Abbreviations: LDL = low-density lipoprotein; TC = total cholesterol; HOMA-IR = homeostatic model assessment for insulin resistance (↓= decrease, ↑= increase); GDM = gestational diabetes mellitus; PFBA = perfluorobutanoic acid; PFOA = perfluorooctanoic acid; PFNA = perfluorononanoic acid; PFDA = perfluorodecanoic acid; PFDoDA = perfluorododecanoic acid; PFHxS = perfluorohexane sulfonate; PFHpS = perfluoroheptane sulfonate; PFOS = perfluorooctane sulfonate; br-PFOS = branched perfluorooctane sulfonate; PFDS = perfluorodecane sulfonate; PFOSA = perfluorooctane sulfonamide; MeFOSAA = N-methyl-perfluorooctane sulfonamidoacetic acid; EtFOSAA = N-ethyl-perfluorooctane sulfonamidoacetic acid.

Figure 3

Identified connections between outcomes of epidemiological, in vivo, and in vitro studies on per- and polyfluoroalkyl substances (PFAS) and adverse outcome pathways (AOPs) from AOP-Wiki with a focus on the components of metabolic syndrome.

3.1.1. Collected Data from In Vivo Studies Using the AOP-helpFinder

As shown in Table 1, rats and mice were the most frequently studied animals in the in vivo toxicological studies, with hepatotoxicity (n = 29), PPARα activation (n = 19), decreased cholesterol (n = 8), and decreased body weight (n = 7) as the predominant studied outcomes.
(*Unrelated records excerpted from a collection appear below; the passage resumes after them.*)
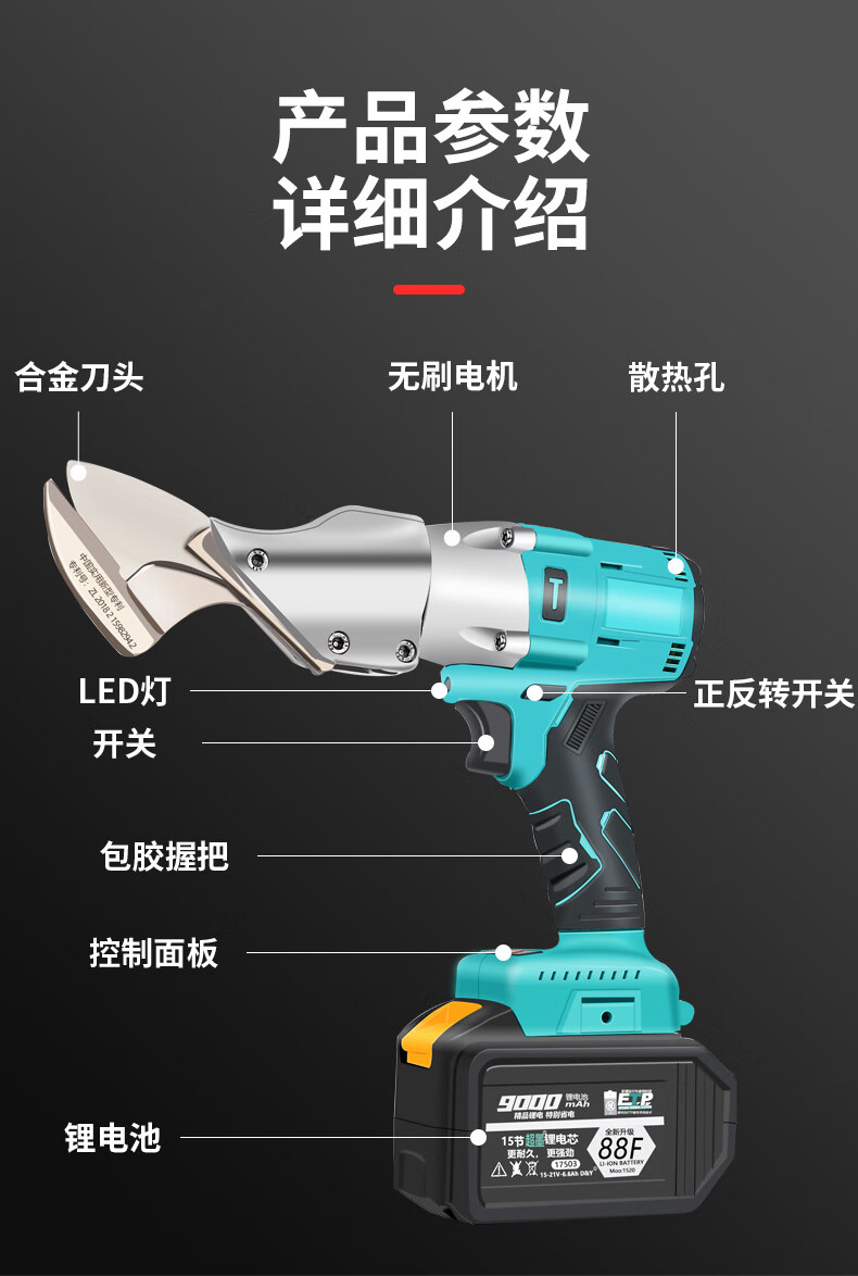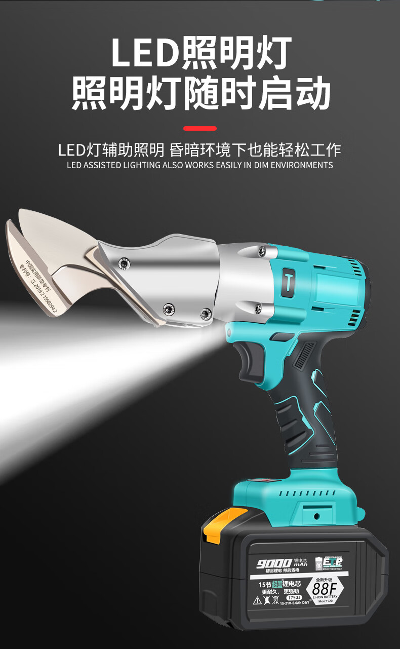 Ruishi Dayi electric scissors rechargeable iron scissors industrial color steel tile metal cutting handheld lithium electric scissors Ruishi Dayi iron scissors 88F two batteries and one charger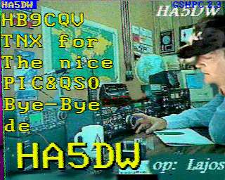 Martin 1 Robot 36 Radioamateur Français lançant un appel en SSTV. Radioamateur Portugais communicant avec l'Algérie. Radioamateur Hongrois communicant avec la Suisse. Radioamateur Marocain communicant avec la France. 73 Voir aussi quelques exemples de l'espace : SSTV ARISS |
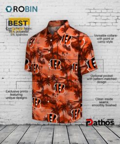 Show off your Bengals pride with this tropical twist! Rock the orange and black in style with this awesome Hawaiian shirt featuring palm trees. Perfect for game day, tailgates, or just chilling in the sun. Get yours today and let the good times roll! 🌴🐅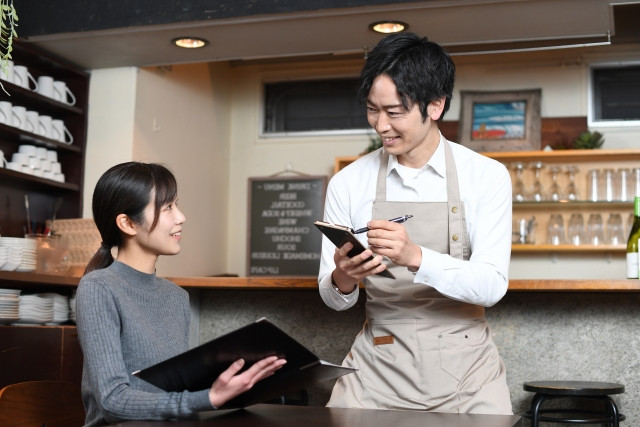 အချိန်ပိုင်းအလုပ်လုပ်ရန်ပုံမှန်သူငယ်ချင်းတစ်ယောက်ကိုပြောတဲ့ဂျပန်စကားမျိုးပြောလို့မရဘဲယဥ်ယဥ်ကျေးကျေးပြောရမှာဖြစ်ပါတယ်။ သေချာပေါက် 「尊敬語(そんけいご)、丁寧語(ていねいご)」တို့ကို အသုံးပြုပြီး ဝန်ဆောင်မှု ပေးရမှာဖြစ်ပါတယ်။ဆိုင်မှာ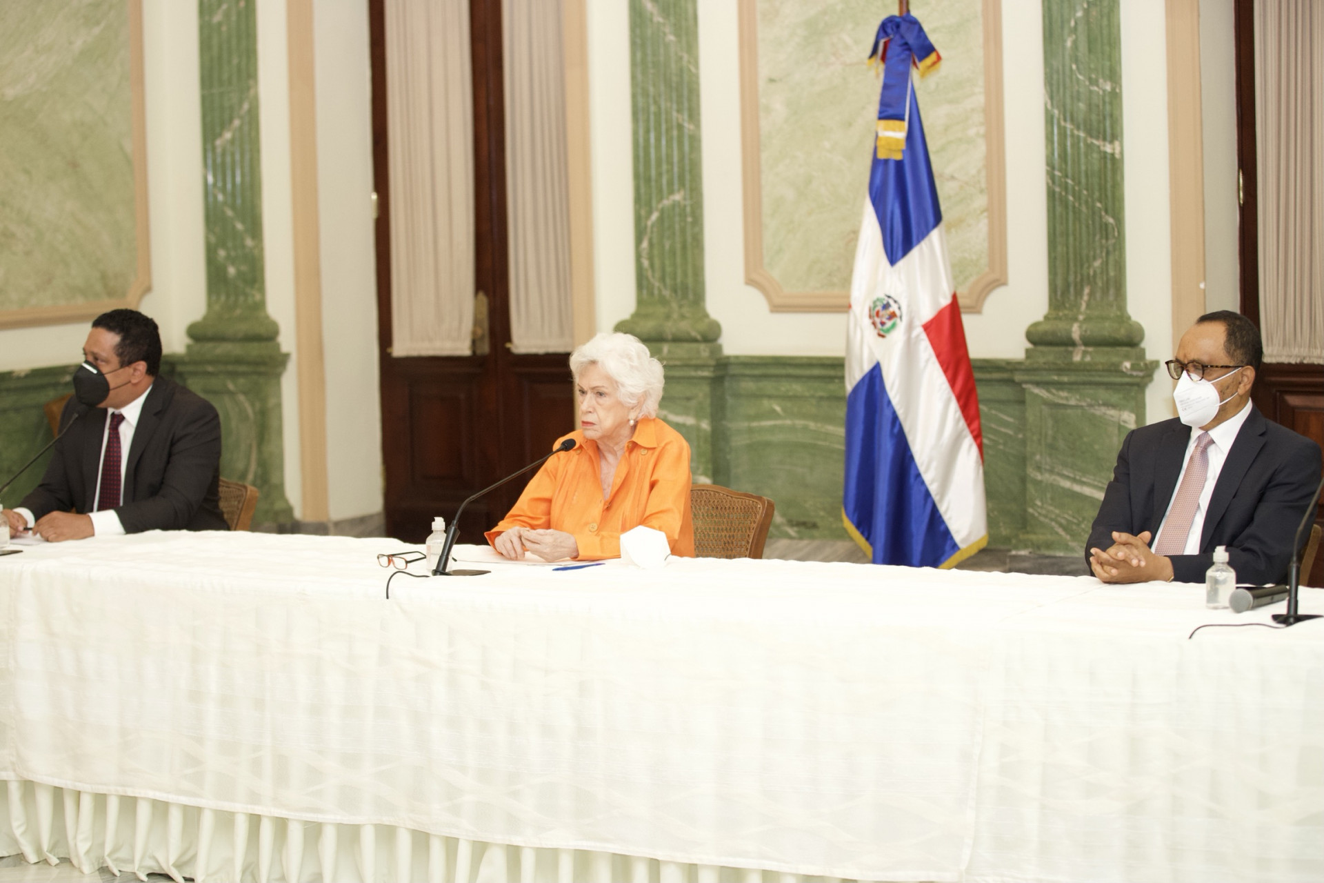 Rueda de prensa de la directora de Ética e Integridad Gubernamental, Milagros Ortíz Bosch y el director de Compras y Contrataciones Públicas, Carlos Pimentel.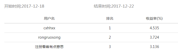 海知理財(cái)·2017-12-3 期比賽結(jié)果公布如下:
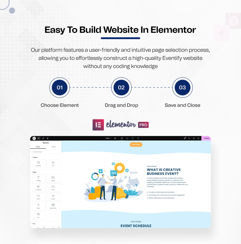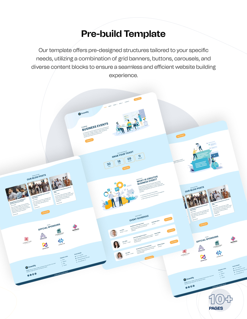 Eventify is a sleek and responsive WordPress Elementor Template Kit built for showcasing events of all types — from business conferences and creative workshops to festivals and community meetups. Designed for ease of use, this kit comes with fully customizable pages that require no coding, making it perfect for both beginners and professionals.

Toxicological reports concerning studies of other animals such as zebrafish were rather limited.

3.1.2. Collected Data from In Vitro Studies Using the AOP-helpFinder

As for in vitro studies, human-based cell lines were most frequently used to investigate outcomes including increased levels of reactive oxygen species (ROS, i.e., oxidative stress; n = 12), hepatotoxicity (n = 11), and PPARα activation (n = 3)—see Table 2. In total, 10 studies used rat or mouse cell lines, and elevated ROS levels were detected after treatment with various PFAS. Furthermore, in rat cell lines, cell death and the activation of the aryl hydrocarbon receptor (AhR) were reported in some studies, and PPARα activation in mice was frequently observed.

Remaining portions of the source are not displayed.